The business or businesses that the acquirer obtains control of in a business combination.

acquirer

A[2]

The entity that obtains control of the acquiree.

acquisition date

A[3]

The date on which the acquirer obtains control of the acquiree.

business

A[4]

An integrated set of activities and assets that is capable of being conducted and managed for the purpose of providing goods or services to customers, generating investment income (such as dividends or interest) or generating other income from ordinary activities.

business combination

A[5]

A transaction or other event in which an acquirer obtains control of one or more businesses. Transactions sometimes referred to as ‘true mergers’ or ‘mergers of equals’ are also business combinations as that term is used in this Standard.

contingent consideration

A[6]

Usually, an obligation of the acquirer to transfer additional assets or equity interests to the former owners of an acquiree as part of the exchange for control of the acquiree if specified future events occur or conditions are met.
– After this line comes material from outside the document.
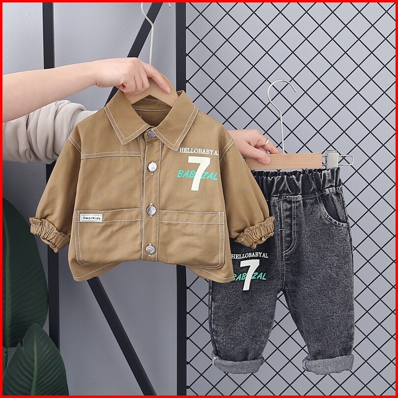 Setelan Kemeja Anak Laki Laki Import Setelan Kemeja Lengan Panjang Model Denim Dengan Angka 7 Besar Impor Setelan 2pcs K

However, contingent consideration also may give the acquirer the right to the return of previously transferred consideration if specified conditions are met.

equity interests

A[7]

For the purposes of this Standard, equity interests is used broadly to mean ownership interests of investor-owned entities and owner, member or participant interests of mutual entities.

fair value

A[8]

Fair value is the price that would be received to sell an asset or paid to transfer a liability in an orderly transaction between market participants at the measurement date. (See AASB 13.)

goodwill

A[9]

An asset representing the future economic benefits arising from other assets acquired in a business combination that are not individually identified and separately recognised.

identifiable

A[10]

An asset is identifiable if it either:

(a)            is separable, ie capable of being separated or divided from the entity and sold, transferred, licensed, rented or exchanged, either individually or together with a related contract, identifiable asset or liability, regardless of whether the entity intends to do so; or

(b)           arises from contractual or other legal rights, regardless of whether those rights are transferable or separable from the entity or from other rights and obligations.

intangible asset

A[11]

An identifiable non-monetary asset without physical substance.

mutual entity

A[12]

An entity, other than an investor-owned entity, that provides dividends, lower costs or other economic benefits directly to its owners, members or participants. For example, a mutual insurance company, a credit union and a co-operative entity are all mutual entities.

non-controlling interest

A[13]

The equity in a subsidiary not attributable, directly or indirectly, to a parent.

owners

A[14]

For the purposes of this Standard, owners is used broadly to include holders of equity interests of investor-owned entities and owners or members of, or participants in, mutual entities.